Always the First to Die: A Novel
“Always the First to Die is a story evolving around the making of a slasher movie that should itself be made into a film.”
Lexi Plummer is driving to Islamorada in the Florida Keys and into a hurricane. She’s determined to reach her daughter Quinn and bring her home before the eye of Hurricane Stephen, a Category-4 storm, hits the islands and the home of Quinn’s grandfather, horror film director Rick Plummer who is in the process of filming a sequel to his horror masterpiece, Breathless.
“I play our last conversation over and over in my head as I drive. I hadn’t heard from her at all yesterday, nor had I seen anything of hers on social media. Quinn had told me she would be on a school trip for dates that were slightly too specific—the exact dates of the visit with her grandfather I’d forbidden her to take. How could I have been so utterly, stupidly naïve?”
Twenty years before, a teenaged Lexi had, on a whim, been a bit player in the original Breathless film. That was where she met Rick’s son, Cam, got a featured part in the movie—she became the girl who is the first to die—and eventually she and Cam married. She also witnessed the events leading to the deaths on the set and the leading lady’s mental breakdown, giving rise to the public calling the film “cursed.”
“Can a place hold a memory? I realize I’ve always believed it could. Just like the memory I have of what I saw at the Pinecrest, of the explosion that killed Doug when I was Quinn’s age.
Luke only knows part of the story.
More than two people have died here.”
The year before, Cam had returned to the Keys to write the book he hoped would make him known on his own merits and not merely as Rick Plummer’s son.
“He’d wanted to be a novelist, after all, and always wrestled with his life being separate from the movies Rick made.”
Then he’d gone off in the family boat and never returned. The boat was discovered adrift, but his body was never recovered.
“They found the boat, Lexi,” Rick said. “Capsized, carried a mile offshore by the current.”
I covered my mouth with my hand. “He was on it? Are you sure?” Already, hot tears were filling my eyes.
“No one’s sure of anything right now.”
Lexi knows why Quinn lied about going on a trip with friends instead of that she was going to the Keys. She’s never believed her father is dead and is determined to find him.
“She never believed Cam died. That was why she healed so fast, shifting back from being moody and abrasive to being her old self. She came down here looking for proof he’s alive, but whatever she found, I’m not strong enough to handle it.”
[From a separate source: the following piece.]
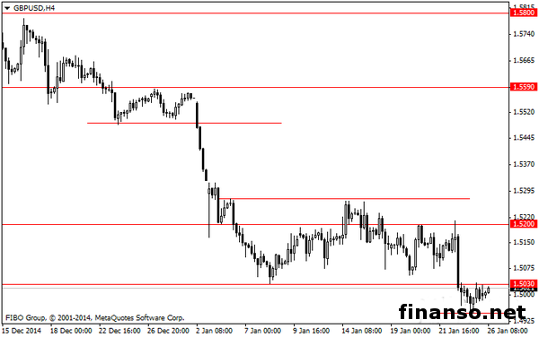 У отметки 1,5020 к концу торговой сессии в США торговался курс фунт/доллар. Вблизи отметки 117,80 к закрытию дня установился курс доллар/иена. С уровня 1,1113 до 1,1287 на этой торговой сессии, после падения в течение последних суток, скорректировался курс евро/доллар, как отмечают эксперты, в прошедшую пятницу. Об этом пишут корреспонденты издания «Украина сегодня: Finanso.net».Регулятор готов сделать больше, если недостаточным окажется эффект от принятой ЕЦБ программы количественного смягчения, о чем заявил в прошедшую пятницу представитель Управляющего Совета Центробанка Кере. По мнению экспертов FIBO Group, ограниченной будет эффективность программы QE, согласно оценкам агентства Moody's. Частично нивелируют инфляционную составляющую QE падение цен на нефть, и ограниченное значение на состояние кредитного рынка имеют покупки облигаций, поскольку участниками рынка ожидалось принятие программы QE. Больше вниз двигались американские фондовые индексы в прошедшую пятницу. На 0,16 процента вырос индекс Nasdaq, а индекс S&P 500 опустился на 0,55 процента, при этом упал на 0,79 процента индекс Доу Джонс Нью-Йоркской фондовой биржи, а индекс Stoxx 50 вырос в прошедшую пятницу на 1,80 процента. На Британской фондовой бирже индекс FTSE 100 вырос на 0,53 процента, в то время как рост индекса Xetra DAX Франкфуртской биржи вырос на 2,05 процента. При предыдущем значении 4,92 млн. и прогнозе 5,05, по итогам за декабрь, Existing home sales в США составил 5,04 млн. При предыдущем значении +0,6 процента и прогнозе +0,4 процента, +0,5 процента за декабрь составил Leading indicators в США. Об этом рассказывает издание «Биржевой лидер». Технический анализ.Против прогноза 54 пункта фактически 53,7 пункта составил в январе в первом чтении индекс деловой активности PMI США в обрабатывающей промышленности. Против прогноза 0,48. USDX, -0,05 составил в ноябре индекс национальной активности ФРБ Чикаго. Вблизи психологической отметки 95 продолжалась торговля вчера. 95,70 является ближайшим сопротивлением, а ближайшей сильной поддержкой стала 94,26. 93 и 90 явились значимыми целями поддержки. Меньше одного месяца, с другой стороны, понадобилось маркетмейкерам для преодоления диапазона 90-95. Удержав пару GBP/USD от последующего снижения, после обвала котировок в область 49-й фигуры, спрос на нее увеличился, - таким является текущее состояние рынка. Паре не удается возобновить рост, зафиксировавшись над уровнем сопротивления 1,5030. Все еще остается приоритетным сценарием в таком случае в рамках медвежьего сценария последующее ослабление пары. Поскольку это укажет на смену настроений в краткосрочном периоде, указанный сценарий будет актуальным до момента фиксации котировок над отмеченным уровнем. По сообщению аналитиков FIBO Group, нисходящим является основной тренд (D1). |
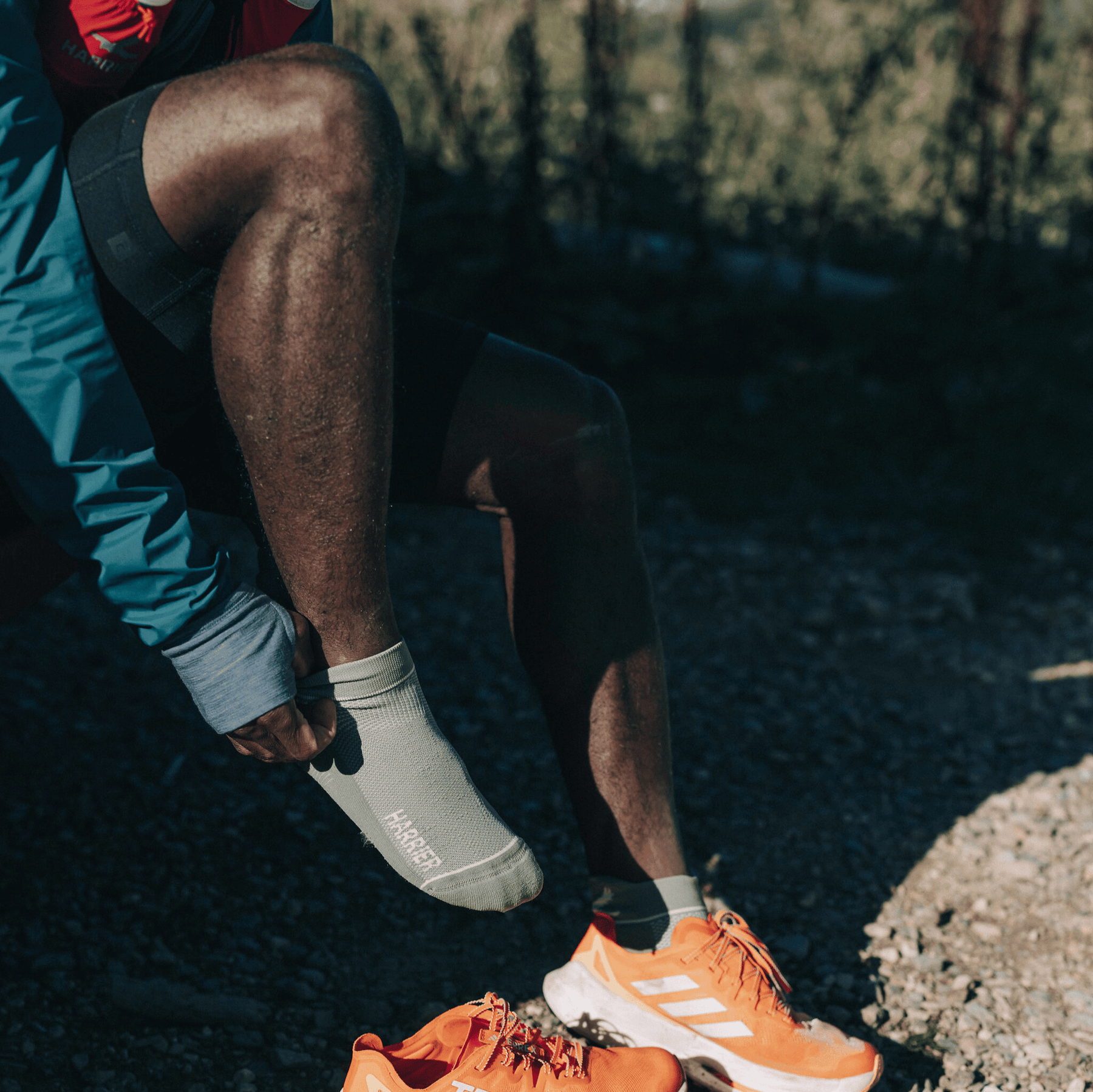 "The new Harrier socks are at a great price point and feature a double layer to protect your feet against blisters. They're a thicker, warmer-feeling sock rather than a slimmer one, which I like for the increased cushioning they provide on trail and ultra runs. The Harrier trail socks are my foot-based weapon of choice"

Lexi and the eye of the storm arrive at the same time. With the appearance of some of the original cast and crew, events soon begin following the original script, but that lasts only so long. Soon Lexi will learn that the truth of what happened on the set 20 years before is much, much deadlier than any fiction a screenwriter could create.
Always the First to Die is a story evolving around the making of a slasher movie that should itself be made into a film.
Well-characterized and filled with emotion-producing dialogue and the description of the Florida Keys and the damage done by the hurricane reading like an eyewitness account, the story is told from the killer’s point of view as well as Lexi’s. There are also flashbacks giving us the facts behind the tragedy happening twenty years before that gave Breathless its notoriety. All are insightful and dramatic, and the only objection one might raise is when protagonist and antagonist are giving their stories, it’s in first-person present, which some readers alternately find annoying and confusing.
R. J. Jacobs' novel is a gem that readers of thrillers as well as slasher/horror film aficionados will enjoy, with a tangent of a twist no one expects that will keep both types of audiences begging for more.